I've been thinking about this, running all kinds of situations in my head since I saw the article. Every angle, every risk, every possible outcome.
"We could leave again, become another new couple," I say.
"Could we?" She's looking at me with those big brown eyes, and I see the challenge in them. "Really? How many times can we run before we're just running forever?"
"As many times as we need to, until this Detective Chen gets fed up and closes the case."
"No." She shakes her head. "Running can’t be the answer, where you're always looking over your shoulder, unable to relax because we’re waiting for the next problem, never building anything real."
"This is real," I say, gesturing at the apartment, at the life we've built. "We made this real."

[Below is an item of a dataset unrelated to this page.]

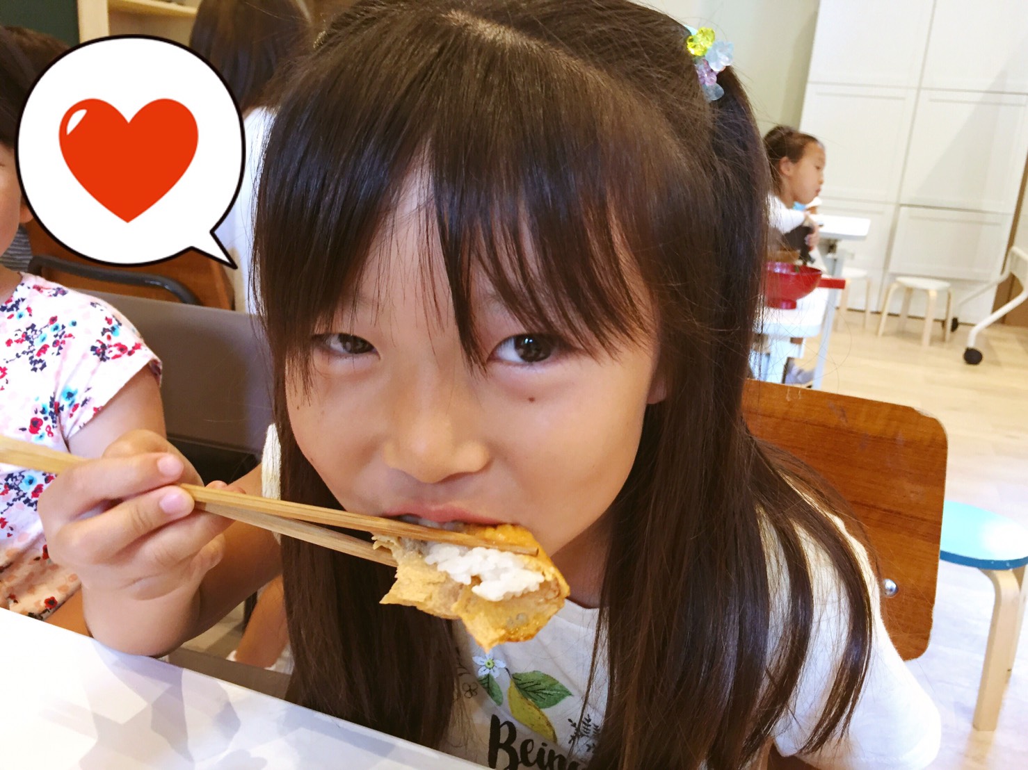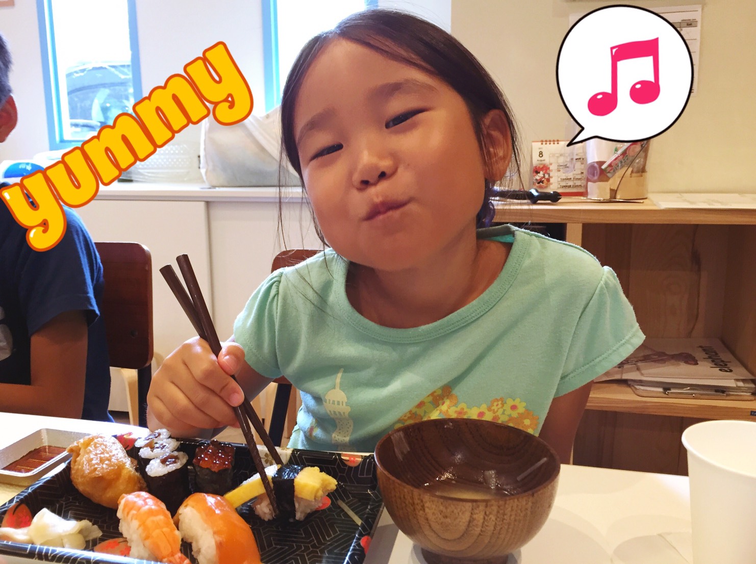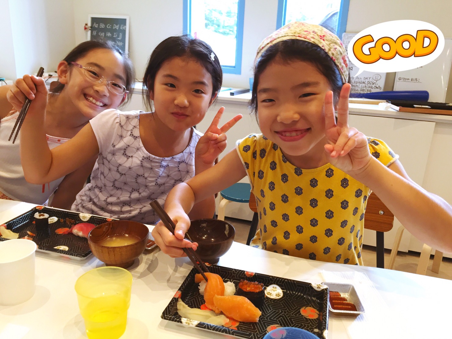 みんなにお寿司が配られたら手を合わせて”Let’s eat!!”(いただきます!!)

"And if we run, we lose it. And what about all my work? It would all have been for nothing."
"But we would be safe."
"Would we?" She stands up, pacing the lounge as her anxiety builds. She is normally so put together, that I’m shocked at how she is reacting to this. I don’t like to see her unsettled.
"Or would we just be hiding again? Waiting for the next detective and another reopened case, the next reason to run? "
I don't answer, because I know she's right. Running is what we've been doing since Gary Hollis, and was the trigger for creating James and Roxy Brennan in the first place. But at some point, we have to be able to live.